In his address Professor Gilfredo Marengo of the John Paul II Pontifical Institute for Studies on Marriage and the Family recalled John Paul II’s three encyclicals Redemptor Hominis, Dives in Misericordia and Dominum et vivificantem.

“I wished to mention them because they represent the great contribution of this Pope to the reception of Vatican II, in which a profoundly unitary reading emerges of the mystery of Christ and of the mystery of man, centered on the Redemption,” he said to ZENIT.

“A Trinitarian triptych as well as an attempt to synthesize the course of reflection on the life of the Church that Wojtyla began at Krakow in the 70s, and that he then brought to Rome to develop in the other texts up to Dominum et vivificantem of 1986,” as a specific contribution to the implementation of the teachings of Vatican II (especially of the Constitution Gaudium et spes, a text particularly loved by the Pontiff).

John Paul II traced “a course that witnesses the awareness of the relationship between the Mystery of the Redemption in Jesus Christ and the singular existence and dignity of man,” in order to have emerge “the pertinence of the mission of the Church with the service to man, through the mystery of his life,” continued Marengo.

This witness is presented and offered to the whole Church as central content of his Petrine ministry. “Wishing to suggest a possible synthetic formula, it could be said that, in the light of the encyclicals dedicated to the Council, the central concern of that fundamental ecclesial event is redirected by the Pope to the triptych Christ-Man-Church,” added the docent.

And the concept that John Paul II elaborated on the person did not stem from a book but from his pastoral experience. “He attracted people because he was a witness and a pastor, first of all, a man who felt a singular unity between the institutional task that the figure of the Pope has in the Church and his humanity,” concluded Marengo.


For his part Cardinal Georges Marie Cottier, retired theologian of the Pontifical Household, recalled John Paul II’s motto, Totus tuus, referred to Our Lady and elaborated on by Saint Louis Marie Grignon de Montfort in the Treatise of True Devotion to Mary.

Cardinal Cottier said that the Blessed Pope saw, in fact, “a sign of Mary’s maternity on our time, marked by persecutions and the collapse of totalitarianisms” and “he was aware of that, as attested by his reading of the attack of May 13, day of Our Lady of Fatima.”

Father Ottaviano D’Egidio, superior general of the Passionists, pointed out that even before his teaching, the great legacy of John Paul II “is his witness of life.” In this connection, he concluded recalling the “Do not be afraid.
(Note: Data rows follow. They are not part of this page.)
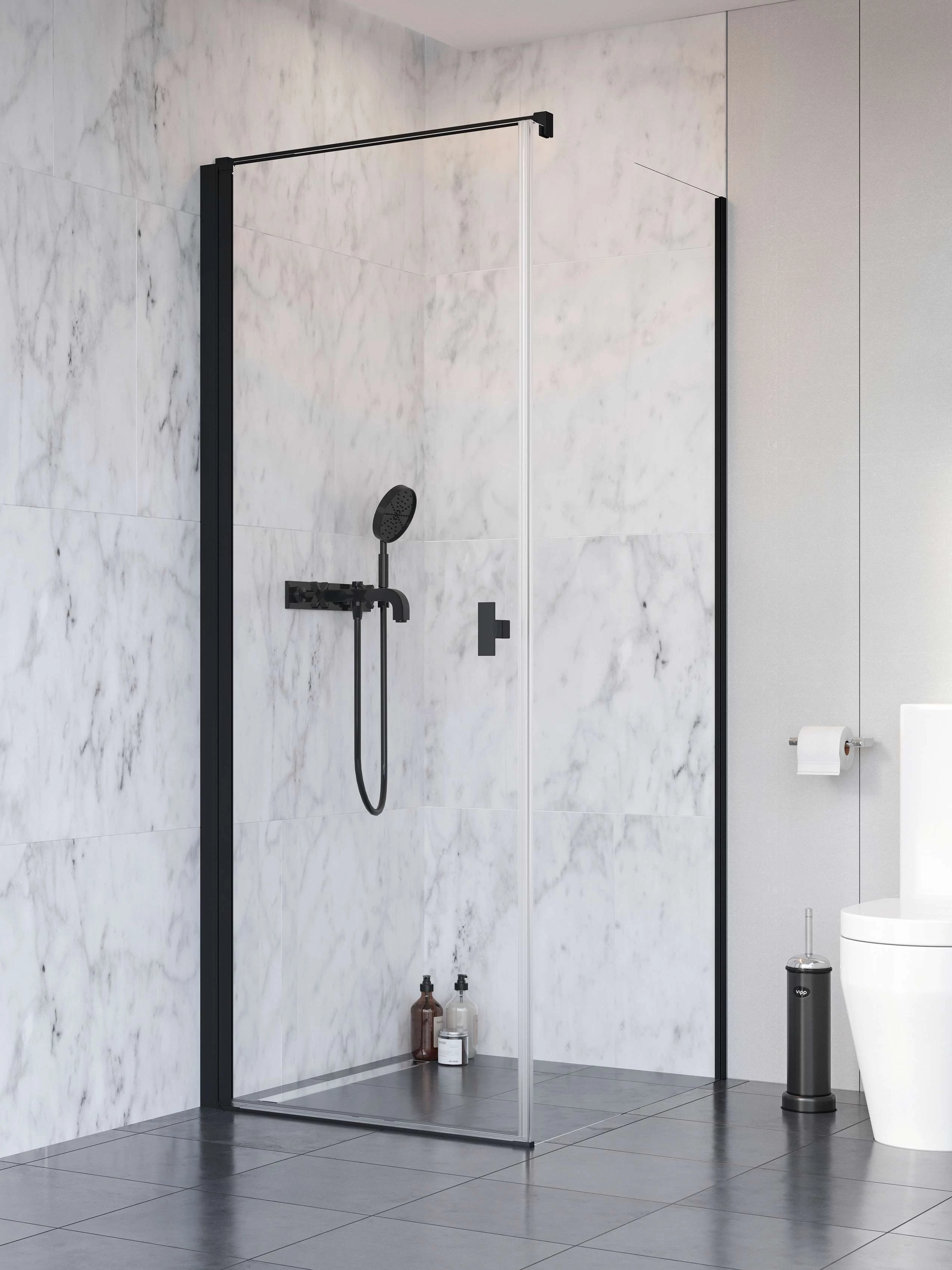 A legnagyobb szabadság. A NES a speciális profilzsanérjaival kifelé és befelé a legnagyobb méretben nyitható, így egy kisebb fürdőszobában sem kell kompromisszumot kötni a térrel.6 mm vastag, Easy Clean vízlepergető bevonattal ellátott edzett üveggel gyártjuk, mely elsőrendű megoldás a vízkőfoltok ellen, valamint a lerakódások megakadályozására.Nagy stabilitást biztosító tartórúd.Elegáns, praktikus elemek.Precíz vízzárást biztosító emelőmechanikás profilzsanér az üveg teljes hosszában.A mechanika közel 180 fokos mozgást tesz lehetővé Az állítható takaróprofil lehetővé teszi a fal függőleges eltérésének kiigazítását 15 mm-es tartományban.Integrált gumiütköző a fogantyú belső felületén.HOGYAN ÁLL ÖSSZE AZ ÁR:A Nes Black KDJ I zuhanykabin 2 elemből áll: ajtó és oldalfal. Mindkét elemnek saját termékkódja van. A kabin rendelésekor 2 termékkódot kell megadni. (Példa: 1 db KDJ I 90B + 1 db S1 90 = 90x90-es balos zuhanykabin)
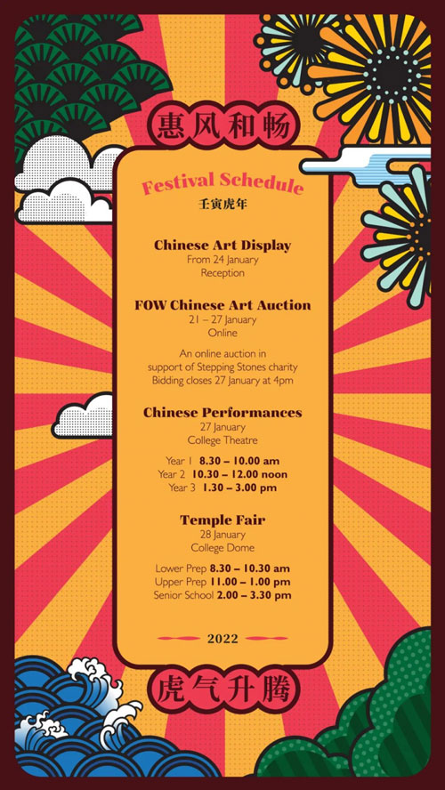 庆祝活动将于 1 月 27 日在我们的主校区继续进行,届时我们 1 至 3 年级的学生将登上舞台,展示大量歌曲和舞蹈的文化展示。当天晚些时候,我们 4-13 年级的学生将参加惠灵顿在圆顶举行的年度庙会。届时将有扇子舞表演、功夫表演和舞狮表演,以及各种中国传统游戏和手工艺品。
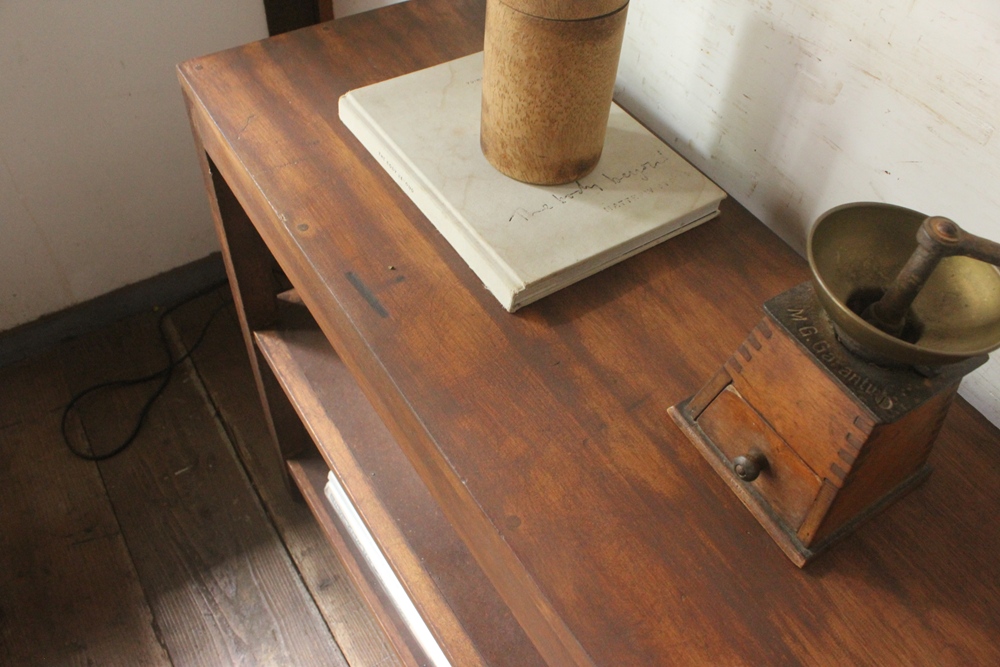 ラワンの棚です。分厚いラワンで素朴でいい味です。背板も味のいい杉の木です。脚付きで珍しいです。壁に付けても、間仕切りにしてカウンターっぽくも使えます。上で軽作業も出来ますし、お店のレジカウンターにもなりますよ。扉がない食器棚にもいいですね。天板もしっかりしてますので家電を置いても大丈夫です。
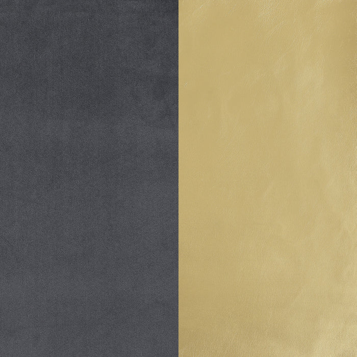 Encourage sophisticated aesthetics with the refined silhouette and gorgeous gold trim featured on a modern sofa. Upholstered in dark gray, it boasts a gently curved kidney silhouette that creates a rich, inviting ambiance in your living room. Its sloping arms and curved front are trimmed in gold, with a matching round accent pillow that brings exceptional style and dimension. The outer surface adds diamond quilted texturing, while vertical channel tufting adds texture to the inner back and arms. A pair of accent pillows in matching dark gray complete the look, offering easy comfort for lounging and entertaining.
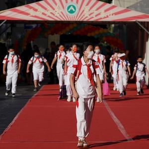 9月1日,在位于北京市海淀區的人大附中實驗小學,老師為學生上開學第一課。
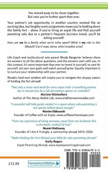 You moved away to be closer together. But now you're further apart than ever. Your partner's job opportunity in another country seemed like an exciting idea, but lengthy work assignments mean you're holding down the family fort - alone. If you're living an expat life and find yourself parenting solo due to a partner's frequent business travel, you'll be asking yourself: How can we be a family when we're miles apart? What is my role in this lifestyle? Can I cope, alone, when troubles arise? Life Coach and multicultural solo-parent Rhoda Bangerter believes there are answers to all these questions, and the answers start with you. In this context, it's more important than ever to invest in yourself, to care for yourself, set your own goals and watch yourself grow. Equally important is to nurture your relationship with your partner. Rhoda's hard-won wisdom will inspire you to navigate the choppy waters of holding the fort abroad!

Open, better still, open wide the doors to Christ,” as a symbolic sign that “what he asked of everyone he himself had done first.”

In his intervention, the rector of the Pontifical Lateran University, Monsignor Enrico dal Covolo, said: “That John Paul II was one ‘called,’ in the biblical sense of the term, is an increasingly widespread conviction in the people who met him.”

Passionist Father Ciro Benedettini, vice director of the Vatican press office, focused his comments on John Paul II’s capacity to communicate the Christian message, to be a bridge and a mediator “living his sufferings as fulfillment of the will of God.”

He lived his Petrine ministry fully “both in the period of his physical vigor, when he was called God’s athlete, as well as in his time of weakness and sickness,” he recalled. “In fact, he gave the most convincing part of his message precisely in his weakness.”

The series of interventions were concluded by the Vatican journalist Aldo Maria Valli, who spoke of the “weak strength” of this Pope who “never made a mystery of his physical problems” and of the “concern that some often had about what such a weak, tired and sick Pontiff could say to young people.”

John Paul II instead “exceeded every precaution,” said the journalist. “The Pope made a breach in the mystery of pain, a mystery that is clarified only in Jesus Christ, who does not answer in an abstract way but with a call: follow me.”

“This is why the Pope, although ever older and more tired, never stopped,” concluded Valli, “but up to the end wanted to take the proclamation of the Gospel to the world.”